◆ WHAT IS BEING ASKED ◆
Look below for the line that contains "都市にはガラスや鏡などの反射面・水平面が数多くある。" and the line that contains "今(5)日上午於百享堂舉辦「", then restate both of them and every line in between, exactly. No picture goes in the copy.

◆ INFORMATION ◆
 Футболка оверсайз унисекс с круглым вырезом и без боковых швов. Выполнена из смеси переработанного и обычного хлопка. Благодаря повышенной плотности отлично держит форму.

---

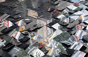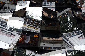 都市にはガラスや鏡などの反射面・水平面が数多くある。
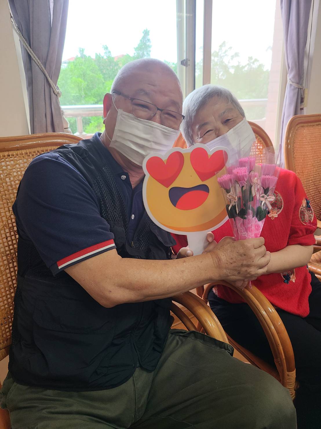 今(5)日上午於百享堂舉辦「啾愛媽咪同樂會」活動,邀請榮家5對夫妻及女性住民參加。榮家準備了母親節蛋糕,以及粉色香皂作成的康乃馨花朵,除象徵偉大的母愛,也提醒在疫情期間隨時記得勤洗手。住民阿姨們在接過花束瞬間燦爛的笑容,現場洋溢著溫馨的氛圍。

◆ EXERCISE OUTPUT ◆
 都市にはガラスや鏡などの反射面・水平面が数多くある。
 今(5)日上午於百享堂舉辦「啾愛媽咪同樂會」活動,邀請榮家5對夫妻及女性住民參加。榮家準備了母親節蛋糕,以及粉色香皂作成的康乃馨花朵,除象徵偉大的母愛,也提醒在疫情期間隨時記得勤洗手。住民阿姨們在接過花束瞬間燦爛的笑容,現場洋溢著溫馨的氛圍。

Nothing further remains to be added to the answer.